Historically, our tool used data like:

       # of results for a given keyphrase
       # of results in quotes
       # of results using allintitle
       PageRank of the top ranking pages/sites
       # of links pointing to the top ranking pages/sites
       Maximum bid price in the paid search results
       # of ads showing for a given query

However, these were all poor proxies for the actual data of how competitive and difficult to
unseat the top results might be. We're pretty bullish on the new process and the new tool being a
significant upgrade to our previous second-order measurements.

Michael Gray (Graywolf's SEO Blog)
Take the top 5 results, do a whois for the domains and see when the original registration date is
for each of the domains. If all or most of the domains have been registered for more than 5 years,
you're going to need a trusted domain to rank. Domain age really isn't what you're looking for,
but the trusted links that have come from being around and publishing that long. If you're on a
new domain, you've got a 5 year link building hole to try and overcome.

David Harry (Huomah SEO Blog and SEO Dojo)
Well, as with most things I do it is a combination of data points. At the end of the day it is part of
the art -- being able to analyze the competition. Getting intimate with a query space is the way to
go, and there is nothing like digging in and looking through the top 10-20 listings to see where
there may be holes.

It is worth mentioning that it is also a balancing act. Just because a space isn't competitive
doesn't mean we want it. So it's not exactly seeking non-competitive spaces, but ones where we
can get a foot in the door or with the volume to chase the big dogs.

       So, we can start with the usual suspects (tools mentioned already)
       Then cross-reference some PPC data, always a reasonable gauge of
       value/competitiveness
Juxtapose data from straight search, exact match, allintitle, allinurl
       Just for fun have a peek at Trends/Insights...

Then, dig in, see what the competing sites have working for them and where there are
opportunities. What will be the estimated cost/time frame?

Ann Smarty (My Blog Guest)
The keyword competition tip is basically this: Check SERPs for [intitle:keyword],
[inanchor:keyword] and compare results. This is your exact competition, i.e., those who use SEO
(optimized titles and incoming links anchor text) to achieve rankings. Those phrases that have
the fewest results are the easiest to pursue. I described my tip in more detail here.
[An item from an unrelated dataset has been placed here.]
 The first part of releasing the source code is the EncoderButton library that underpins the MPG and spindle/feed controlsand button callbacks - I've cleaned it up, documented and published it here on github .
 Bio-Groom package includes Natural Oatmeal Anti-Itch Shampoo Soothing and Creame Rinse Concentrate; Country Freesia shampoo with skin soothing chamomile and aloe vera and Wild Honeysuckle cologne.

Tom Demers (Wordstream Pay-Per-Click Software and Keyword Analyzer)
For me all the best keyword competition data comes from SEO for Firefox. If I'm looking for a
really quick, high level analysis, I'll just run the query and pull the data into a CSV, then sum the
following columns:

       Y! Links
       Y! Page Links
       Majestic SEO Link Domain
       Page Rank
       Age (for this I strip the months then just sum the numbers: lower is better for this one :))

Typically I find this to be a much better indicator than number of documents or even allintitle
(which is pretty good, and is a great link building query) simply because my intent is to crack
that top five/ten, so the strength of those pages is what I'm concerned with (and in most cases if
I'm doing this level of depth of analysis on a specific query, it's pretty unlikely the top five will
be omitting it from their document/title).
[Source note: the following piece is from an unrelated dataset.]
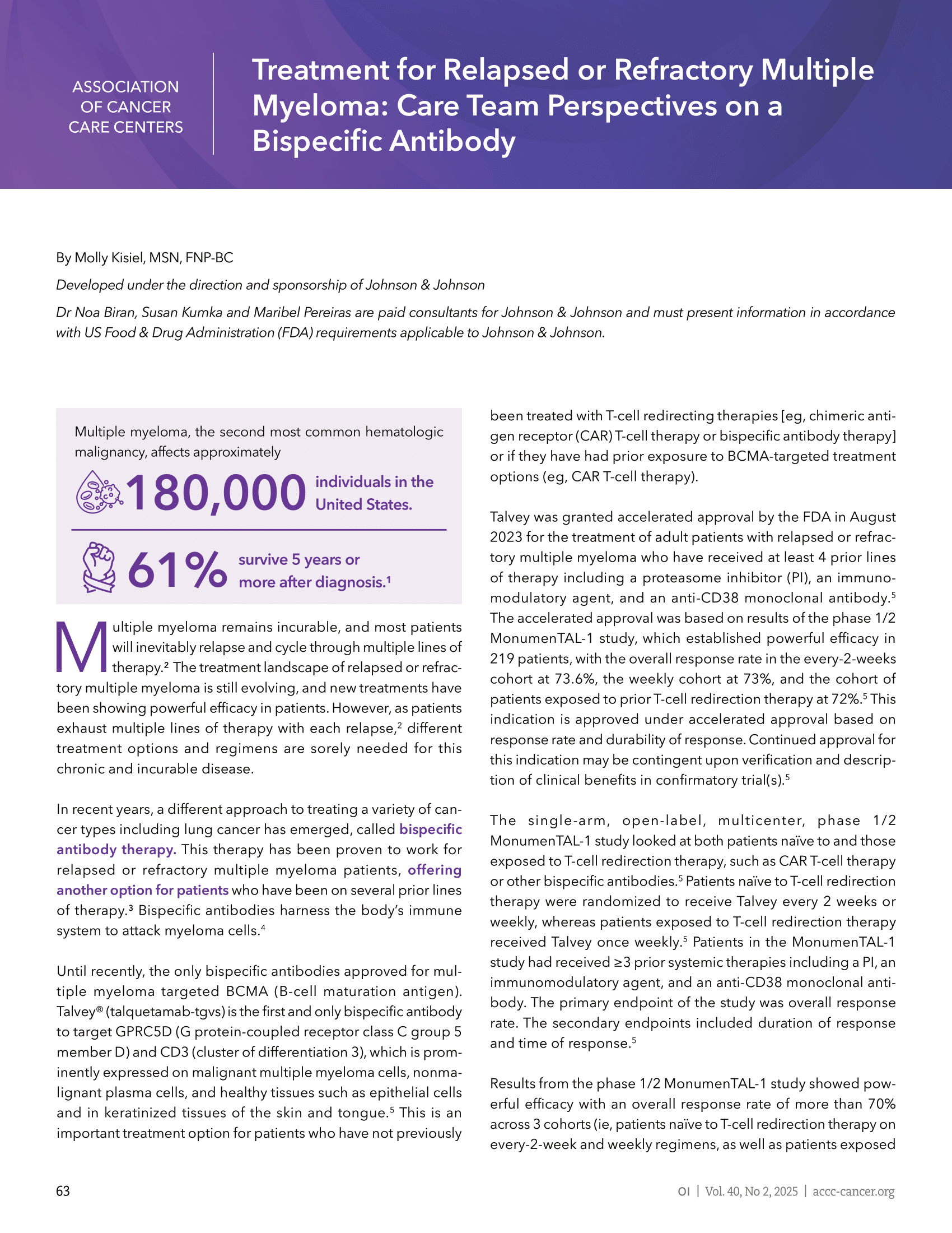 ACCC would like to extend gratitude to Dr Noa Biran, Susan Kumka, and Maribel Pereiras for their contributions to this article. Their expertise and dedication have been instrumental in advancing the understanding and implementation of Talvey for the treatment of relapsed or refractory multiple myeloma.

Larry Kim (WordStream PPC Software and SEO Tools)
I’ve never worked in a search vertical that wasn’t super competitive, nor have I ever had the
good fortune of inheriting an old, trusted domain. So I’ve always operated under the assumption
that every keyword I target is going to be hard. And rather than developing my own formulas for
measuring keyword competition, I take a slightly different, iterative approach to competitive
keyword research.

For organic search, it looks like this:

       Publish something - It doesn’t have to be perfect. Just something quick to get an read on
       how difficult it is for your site to rank on a particular term. Who knows? You might get
       lucky and your content might rank well immediately. Or it may only require minor
       optimization to rank better.
       If you got lucky, then mission accomplished. Move on to next keyword targets.
If you can’t find your page in the SERPS, then try moving to an adjacent, longer-tail
       variation of the word. At WordStream, we invented the Keyword Niche Finder for doing
       exactly this: finding related, yet less competitive keywords so that you could avoid
       hypercompetitive niches and uncover less competitive and potentially more profitable
       keyword niches.

In paid search, it’s more or less the same idea:

       Start by trying out bidding on head terms
       If the ROI meets your target objective, mission accomplished – Move on to next keyword
       targets.
       If ROI is terrible, then adjust to target long tail keywords, which are likely to be less
       competitive and better value, particularly if you do a good job at grouping together
       relevant keywords and being relevant with your ad-text creation and landing page.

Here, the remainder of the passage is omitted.